Epitaxial hexagonal boron nitride for hydrogen generation by radiolysis of interfacial water

TL;DR

This study demonstrates that epitaxial hexagonal boron nitride can generate and store hydrogen through water radiolysis, offering a promising material for sustainable hydrogen production and storage.

Contribution

It shows that large-area epitaxial hBN can effectively produce and store hydrogen via radiolysis, advancing materials science for green energy applications.

Findings

hBN bubbles store hydrogen for weeks under deformation

epitaxial hBN visualizes hydrogen generation process

hBN is promising for hydrogen storage and production

Abstract

Hydrogen is an important building block in global strategies towards a future green energy system.

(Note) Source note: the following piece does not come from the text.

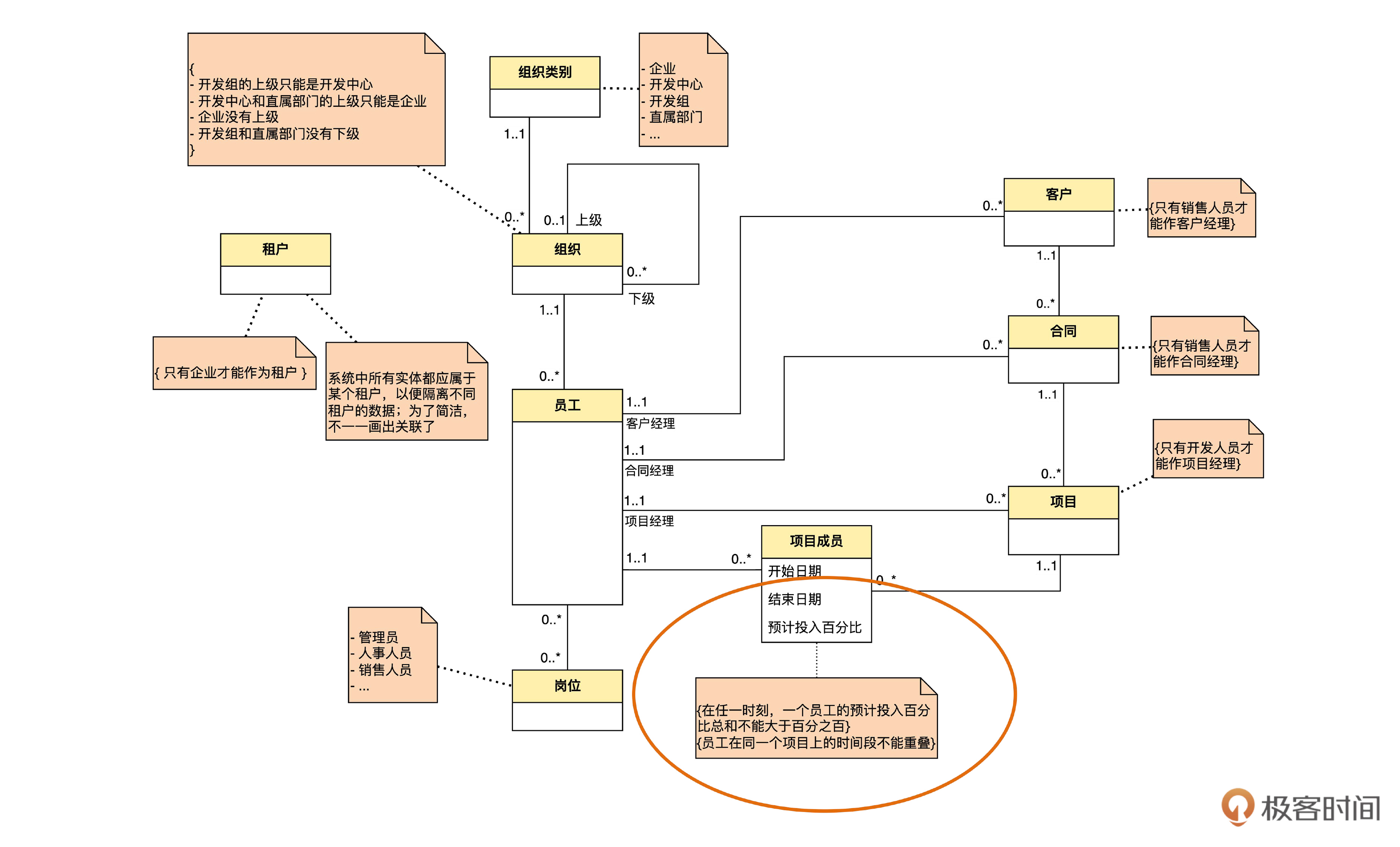 首先,我在图里面的员工和项目之间增加了一个表示“员工被分配到项目上”的关联,同时把“一个员工预计的投入百分比不能大于百分之百”的规则也标注出来。

To make this transition possible, intense scientific efforts are needed, also in the field of materials science. Two-dimensional crystals, such as hexagonal boron nitride (hBN), are very promising in this regard, as it was demonstrated that micrometer-sized exfoliated flakes are excellent barriers to molecular hydrogen. However, it remains an open question whether large-area layers fabricated by industrially relevant methods preserve such promising properties. In this work we show that electron beam-induced splitting of water creates hBN bubbles that effectively store molecular hydrogen for weeks and under extreme mechanical deformation. We demonstrate that epitaxial hBN allows direct visualization and monitoring of the process of hydrogen generation by radiolysis of interfacial water. Our findings show that hBN is not only a potential candidate for hydrogen storage, but also holds promise for the development of unconventional hydrogen production schemes.